On the first farm we lived on I remember bailing hay. We were riding back to the barn on top of the hay wagon. The load collapsed and we fell off the wagon. I broke my feet in two places. I had to help reload the wagon and partially stack it in the barn before E would let M take me to the hospital. I really wasn't much help , I was an 8 or 9-year-old boy with a broken foot . But he felt he needed to toughen me up .
I remember at the first house we lived at he would line the 3 of us naked from the waist down , yell while snapping his belt till he decided with one to punish. Usually me. I don't think he beat on J much, he was doing other things to her.
I don't recall how long the naked line ups went on.
When I talked to my brother the other night he told E beat on me more then the others because I was an instigator . So I guess it was alright then because if I just kept my mouth shut it won't have been as bad .
I remembered three times that I instigated things, I have already spoken about when he tried to drown me .
On the first farm , he would line us up in the kitchen again naked from the waist down . One time he was screaming at us and told us that he wasn't our real father , use degrading language to describe us and then demanded that we call him by Mr. His Surname. So I did . He was displeased and that earn me a beating
Another time he had us lined up , screaming at us he told us not to Breath without his permission . So I raise my hand , he was like what , and I asked "can I Breath now " yup that was a beating.

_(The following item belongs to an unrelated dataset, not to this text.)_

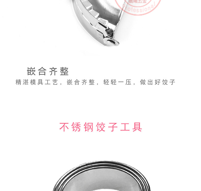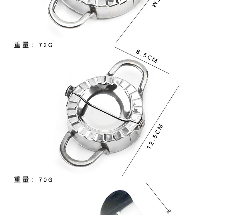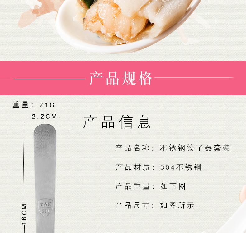 | Specifications | 304 large dumpling,304 small dumpling,304 round skin cutter,304 pattern skin cutter,304 small dumpling wrapper,304 large dumpling wrapper,304 stuffing pick,304 two-piece (large),304 two-piece (small),304 three-piece set (small),304 three-piece set (large) |

I like to think I was doing it to draw attention away from them.
If it wasn't a surprise backhand or a punch to the face , his preferred method of punishment was to bend me over naked on his lap and beat on me with a leather belt. He would always say" this hurts me more than it hurt you " I have a vague recollection , of him at least once, rubbing the welts with the palm of his hand in a soothing manner . Telling me he was only doing it for my own good. I can't help but feel that by doing that he was sexualizing the act.
I remember I had nightmares as a child , of an adult man coming in to a darkened room to do bad things to me , I think they were nightmares , they may be memory fragments .
I still don't remember much from the second farm, and very little from the last farm and the house we lived in after E left.
I may repeat myself on this blog , as the longer it gets I may forget about what I've already spoken about . The timeline and events may change as the memories become clearer. I'm also beginning to realize that I have very few memories with my mother in them most of them are of E or us kids
I'm trying to maintain a clinical detachment for these memories , yeah that's not working .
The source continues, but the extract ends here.